BEGIN SOURCE DATA
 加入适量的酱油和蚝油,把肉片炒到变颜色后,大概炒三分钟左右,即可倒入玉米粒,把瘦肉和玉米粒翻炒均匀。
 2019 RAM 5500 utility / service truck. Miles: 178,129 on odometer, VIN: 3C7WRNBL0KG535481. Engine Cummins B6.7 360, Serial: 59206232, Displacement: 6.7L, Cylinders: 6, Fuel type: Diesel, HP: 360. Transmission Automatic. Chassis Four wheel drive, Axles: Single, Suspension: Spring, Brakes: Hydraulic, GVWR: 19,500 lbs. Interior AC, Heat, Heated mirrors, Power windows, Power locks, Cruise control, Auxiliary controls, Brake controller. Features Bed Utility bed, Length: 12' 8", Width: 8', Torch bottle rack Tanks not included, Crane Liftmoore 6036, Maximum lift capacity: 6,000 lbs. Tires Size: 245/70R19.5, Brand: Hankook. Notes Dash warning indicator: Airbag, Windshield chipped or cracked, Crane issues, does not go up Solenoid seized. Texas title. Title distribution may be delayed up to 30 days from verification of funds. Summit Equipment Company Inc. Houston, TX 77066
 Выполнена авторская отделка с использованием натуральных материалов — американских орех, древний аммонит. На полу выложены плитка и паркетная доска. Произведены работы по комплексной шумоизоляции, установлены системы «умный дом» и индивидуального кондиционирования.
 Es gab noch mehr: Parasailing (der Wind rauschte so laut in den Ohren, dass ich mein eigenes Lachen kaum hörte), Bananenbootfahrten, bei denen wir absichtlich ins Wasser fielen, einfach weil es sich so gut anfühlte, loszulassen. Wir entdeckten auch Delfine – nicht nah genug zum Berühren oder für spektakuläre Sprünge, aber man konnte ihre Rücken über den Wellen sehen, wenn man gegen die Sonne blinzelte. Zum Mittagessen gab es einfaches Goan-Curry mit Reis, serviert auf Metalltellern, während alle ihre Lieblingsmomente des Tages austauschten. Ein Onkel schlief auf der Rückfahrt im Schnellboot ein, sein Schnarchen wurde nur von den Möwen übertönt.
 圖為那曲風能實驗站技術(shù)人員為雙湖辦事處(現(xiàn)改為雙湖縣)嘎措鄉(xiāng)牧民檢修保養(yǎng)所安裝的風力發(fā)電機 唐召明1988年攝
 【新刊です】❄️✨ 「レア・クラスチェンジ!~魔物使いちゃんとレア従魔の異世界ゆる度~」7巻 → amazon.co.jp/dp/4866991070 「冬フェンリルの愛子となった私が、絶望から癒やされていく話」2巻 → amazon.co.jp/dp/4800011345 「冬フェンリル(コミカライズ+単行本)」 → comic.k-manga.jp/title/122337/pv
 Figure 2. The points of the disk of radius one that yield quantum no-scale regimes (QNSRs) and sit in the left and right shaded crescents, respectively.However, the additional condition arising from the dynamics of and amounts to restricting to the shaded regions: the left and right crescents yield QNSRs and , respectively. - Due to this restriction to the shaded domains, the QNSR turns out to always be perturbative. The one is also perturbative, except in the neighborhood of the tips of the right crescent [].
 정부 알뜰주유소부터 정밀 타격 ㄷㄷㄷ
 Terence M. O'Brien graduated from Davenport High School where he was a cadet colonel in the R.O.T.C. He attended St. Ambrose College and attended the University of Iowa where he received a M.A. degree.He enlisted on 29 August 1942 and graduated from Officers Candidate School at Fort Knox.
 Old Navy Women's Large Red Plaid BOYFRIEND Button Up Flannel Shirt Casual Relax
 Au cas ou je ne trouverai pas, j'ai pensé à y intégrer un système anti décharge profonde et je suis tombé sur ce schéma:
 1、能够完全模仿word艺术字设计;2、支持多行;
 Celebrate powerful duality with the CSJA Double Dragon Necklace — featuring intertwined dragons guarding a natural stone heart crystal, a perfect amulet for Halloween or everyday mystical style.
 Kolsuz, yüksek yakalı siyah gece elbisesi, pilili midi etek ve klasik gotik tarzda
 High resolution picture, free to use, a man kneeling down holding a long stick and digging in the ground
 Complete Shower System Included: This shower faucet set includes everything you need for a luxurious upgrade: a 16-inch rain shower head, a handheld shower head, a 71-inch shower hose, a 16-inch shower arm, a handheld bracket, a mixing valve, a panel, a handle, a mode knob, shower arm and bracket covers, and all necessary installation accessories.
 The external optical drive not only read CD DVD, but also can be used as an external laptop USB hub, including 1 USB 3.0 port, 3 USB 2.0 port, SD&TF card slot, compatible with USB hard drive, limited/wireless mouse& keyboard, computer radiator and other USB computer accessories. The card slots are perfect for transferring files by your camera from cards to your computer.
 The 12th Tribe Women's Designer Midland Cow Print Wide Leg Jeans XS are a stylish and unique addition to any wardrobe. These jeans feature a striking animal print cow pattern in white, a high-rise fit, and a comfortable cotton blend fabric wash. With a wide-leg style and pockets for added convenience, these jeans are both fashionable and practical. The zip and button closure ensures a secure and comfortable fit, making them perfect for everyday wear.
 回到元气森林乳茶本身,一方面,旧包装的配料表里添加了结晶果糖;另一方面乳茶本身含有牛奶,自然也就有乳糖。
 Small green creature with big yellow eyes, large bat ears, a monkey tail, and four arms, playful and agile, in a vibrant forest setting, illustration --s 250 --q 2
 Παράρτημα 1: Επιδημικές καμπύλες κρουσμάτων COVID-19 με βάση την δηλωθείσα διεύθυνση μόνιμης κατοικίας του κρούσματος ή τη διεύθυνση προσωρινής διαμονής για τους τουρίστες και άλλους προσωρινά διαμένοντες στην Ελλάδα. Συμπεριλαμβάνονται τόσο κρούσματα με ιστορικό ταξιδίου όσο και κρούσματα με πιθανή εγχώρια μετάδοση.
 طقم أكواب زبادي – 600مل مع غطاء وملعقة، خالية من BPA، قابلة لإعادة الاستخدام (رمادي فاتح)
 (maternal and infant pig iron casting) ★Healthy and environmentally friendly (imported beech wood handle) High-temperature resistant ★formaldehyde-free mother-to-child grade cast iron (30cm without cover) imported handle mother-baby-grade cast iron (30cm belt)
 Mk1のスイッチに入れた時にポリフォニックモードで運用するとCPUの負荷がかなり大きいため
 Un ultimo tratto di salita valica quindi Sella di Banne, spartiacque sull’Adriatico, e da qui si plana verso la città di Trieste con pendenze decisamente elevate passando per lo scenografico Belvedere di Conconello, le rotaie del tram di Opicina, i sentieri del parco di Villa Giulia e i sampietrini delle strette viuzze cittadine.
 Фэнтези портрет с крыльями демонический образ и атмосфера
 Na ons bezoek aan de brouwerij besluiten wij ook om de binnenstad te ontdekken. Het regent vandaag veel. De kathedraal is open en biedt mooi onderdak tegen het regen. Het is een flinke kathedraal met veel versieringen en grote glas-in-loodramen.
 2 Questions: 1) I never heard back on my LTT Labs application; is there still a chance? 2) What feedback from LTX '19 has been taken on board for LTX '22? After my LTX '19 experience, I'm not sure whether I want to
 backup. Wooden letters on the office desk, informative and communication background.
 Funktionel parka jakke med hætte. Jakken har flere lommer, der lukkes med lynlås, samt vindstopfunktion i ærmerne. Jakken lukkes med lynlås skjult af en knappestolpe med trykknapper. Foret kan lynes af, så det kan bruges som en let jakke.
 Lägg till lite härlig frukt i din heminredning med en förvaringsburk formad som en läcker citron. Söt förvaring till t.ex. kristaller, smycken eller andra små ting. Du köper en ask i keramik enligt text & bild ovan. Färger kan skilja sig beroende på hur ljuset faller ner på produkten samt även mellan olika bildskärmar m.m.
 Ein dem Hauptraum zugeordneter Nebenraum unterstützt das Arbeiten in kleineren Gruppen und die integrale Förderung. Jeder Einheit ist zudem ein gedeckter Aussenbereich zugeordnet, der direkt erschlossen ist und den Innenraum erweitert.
END SOURCE DATA
• AIM OF THE TASK
Repeat the listing above without any change.

• YOUR SOLUTION
 加入适量的酱油和蚝油,把肉片炒到变颜色后,大概炒三分钟左右,即可倒入玉米粒,把瘦肉和玉米粒翻炒均匀。
 2019 RAM 5500 utility / service truck. Miles: 178,129 on odometer, VIN: 3C7WRNBL0KG535481. Engine Cummins B6.7 360, Serial: 59206232, Displacement: 6.7L, Cylinders: 6, Fuel type: Diesel, HP: 360. Transmission Automatic. Chassis Four wheel drive, Axles: Single, Suspension: Spring, Brakes: Hydraulic, GVWR: 19,500 lbs. Interior AC, Heat, Heated mirrors, Power windows, Power locks, Cruise control, Auxiliary controls, Brake controller. Features Bed Utility bed, Length: 12' 8", Width: 8', Torch bottle rack Tanks not included, Crane Liftmoore 6036, Maximum lift capacity: 6,000 lbs. Tires Size: 245/70R19.5, Brand: Hankook. Notes Dash warning indicator: Airbag, Windshield chipped or cracked, Crane issues, does not go up Solenoid seized. Texas title. Title distribution may be delayed up to 30 days from verification of funds. Summit Equipment Company Inc. Houston, TX 77066
 Выполнена авторская отделка с использованием натуральных материалов — американских орех, древний аммонит. На полу выложены плитка и паркетная доска. Произведены работы по комплексной шумоизоляции, установлены системы «умный дом» и индивидуального кондиционирования.
 Es gab noch mehr: Parasailing (der Wind rauschte so laut in den Ohren, dass ich mein eigenes Lachen kaum hörte), Bananenbootfahrten, bei denen wir absichtlich ins Wasser fielen, einfach weil es sich so gut anfühlte, loszulassen. Wir entdeckten auch Delfine – nicht nah genug zum Berühren oder für spektakuläre Sprünge, aber man konnte ihre Rücken über den Wellen sehen, wenn man gegen die Sonne blinzelte. Zum Mittagessen gab es einfaches Goan-Curry mit Reis, serviert auf Metalltellern, während alle ihre Lieblingsmomente des Tages austauschten. Ein Onkel schlief auf der Rückfahrt im Schnellboot ein, sein Schnarchen wurde nur von den Möwen übertönt.
 圖為那曲風能實驗站技術(shù)人員為雙湖辦事處(現(xiàn)改為雙湖縣)嘎措鄉(xiāng)牧民檢修保養(yǎng)所安裝的風力發(fā)電機 唐召明1988年攝
 【新刊です】❄️✨ 「レア・クラスチェンジ!~魔物使いちゃんとレア従魔の異世界ゆる度~」7巻 → amazon.co.jp/dp/4866991070 「冬フェンリルの愛子となった私が、絶望から癒やされていく話」2巻 → amazon.co.jp/dp/4800011345 「冬フェンリル(コミカライズ+単行本)」 → comic.k-manga.jp/title/122337/pv
 Figure 2. The points of the disk of radius one that yield quantum no-scale regimes (QNSRs) and sit in the left and right shaded crescents, respectively.However, the additional condition arising from the dynamics of and amounts to restricting to the shaded regions: the left and right crescents yield QNSRs and , respectively. - Due to this restriction to the shaded domains, the QNSR turns out to always be perturbative. The one is also perturbative, except in the neighborhood of the tips of the right crescent [].
 정부 알뜰주유소부터 정밀 타격 ㄷㄷㄷ
 Terence M. O'Brien graduated from Davenport High School where he was a cadet colonel in the R.O.T.C. He attended St. Ambrose College and attended the University of Iowa where he received a M.A. degree.He enlisted on 29 August 1942 and graduated from Officers Candidate School at Fort Knox.
 Old Navy Women's Large Red Plaid BOYFRIEND Button Up Flannel Shirt Casual Relax
 Au cas ou je ne trouverai pas, j'ai pensé à y intégrer un système anti décharge profonde et je suis tombé sur ce schéma:
 1、能够完全模仿word艺术字设计;2、支持多行;
 Celebrate powerful duality with the CSJA Double Dragon Necklace — featuring intertwined dragons guarding a natural stone heart crystal, a perfect amulet for Halloween or everyday mystical style.
 Kolsuz, yüksek yakalı siyah gece elbisesi, pilili midi etek ve klasik gotik tarzda
 High resolution picture, free to use, a man kneeling down holding a long stick and digging in the ground
 Complete Shower System Included: This shower faucet set includes everything you need for a luxurious upgrade: a 16-inch rain shower head, a handheld shower head, a 71-inch shower hose, a 16-inch shower arm, a handheld bracket, a mixing valve, a panel, a handle, a mode knob, shower arm and bracket covers, and all necessary installation accessories.
 The external optical drive not only read CD DVD, but also can be used as an external laptop USB hub, including 1 USB 3.0 port, 3 USB 2.0 port, SD&TF card slot, compatible with USB hard drive, limited/wireless mouse& keyboard, computer radiator and other USB computer accessories. The card slots are perfect for transferring files by your camera from cards to your computer.
 The 12th Tribe Women's Designer Midland Cow Print Wide Leg Jeans XS are a stylish and unique addition to any wardrobe. These jeans feature a striking animal print cow pattern in white, a high-rise fit, and a comfortable cotton blend fabric wash. With a wide-leg style and pockets for added convenience, these jeans are both fashionable and practical. The zip and button closure ensures a secure and comfortable fit, making them perfect for everyday wear.
 回到元气森林乳茶本身,一方面,旧包装的配料表里添加了结晶果糖;另一方面乳茶本身含有牛奶,自然也就有乳糖。
 Small green creature with big yellow eyes, large bat ears, a monkey tail, and four arms, playful and agile, in a vibrant forest setting, illustration --s 250 --q 2
 Παράρτημα 1: Επιδημικές καμπύλες κρουσμάτων COVID-19 με βάση την δηλωθείσα διεύθυνση μόνιμης κατοικίας του κρούσματος ή τη διεύθυνση προσωρινής διαμονής για τους τουρίστες και άλλους προσωρινά διαμένοντες στην Ελλάδα. Συμπεριλαμβάνονται τόσο κρούσματα με ιστορικό ταξιδίου όσο και κρούσματα με πιθανή εγχώρια μετάδοση.
 طقم أكواب زبادي – 600مل مع غطاء وملعقة، خالية من BPA، قابلة لإعادة الاستخدام (رمادي فاتح)
 (maternal and infant pig iron casting) ★Healthy and environmentally friendly (imported beech wood handle) High-temperature resistant ★formaldehyde-free mother-to-child grade cast iron (30cm without cover) imported handle mother-baby-grade cast iron (30cm belt)
 Mk1のスイッチに入れた時にポリフォニックモードで運用するとCPUの負荷がかなり大きいため
 Un ultimo tratto di salita valica quindi Sella di Banne, spartiacque sull’Adriatico, e da qui si plana verso la città di Trieste con pendenze decisamente elevate passando per lo scenografico Belvedere di Conconello, le rotaie del tram di Opicina, i sentieri del parco di Villa Giulia e i sampietrini delle strette viuzze cittadine.
 Фэнтези портрет с крыльями демонический образ и атмосфера
 Na ons bezoek aan de brouwerij besluiten wij ook om de binnenstad te ontdekken. Het regent vandaag veel. De kathedraal is open en biedt mooi onderdak tegen het regen. Het is een flinke kathedraal met veel versieringen en grote glas-in-loodramen.
 2 Questions: 1) I never heard back on my LTT Labs application; is there still a chance? 2) What feedback from LTX '19 has been taken on board for LTX '22? After my LTX '19 experience, I'm not sure whether I want to
 backup. Wooden letters on the office desk, informative and communication background.
 Funktionel parka jakke med hætte. Jakken har flere lommer, der lukkes med lynlås, samt vindstopfunktion i ærmerne. Jakken lukkes med lynlås skjult af en knappestolpe med trykknapper. Foret kan lynes af, så det kan bruges som en let jakke.
 Lägg till lite härlig frukt i din heminredning med en förvaringsburk formad som en läcker citron. Söt förvaring till t.ex. kristaller, smycken eller andra små ting. Du köper en ask i keramik enligt text & bild ovan. Färger kan skilja sig beroende på hur ljuset faller ner på produkten samt även mellan olika bildskärmar m.m.
 Ein dem Hauptraum zugeordneter Nebenraum unterstützt das Arbeiten in kleineren Gruppen und die integrale Förderung. Jeder Einheit ist zudem ein gedeckter Aussenbereich zugeordnet, der direkt erschlossen ist und den Innenraum erweitert.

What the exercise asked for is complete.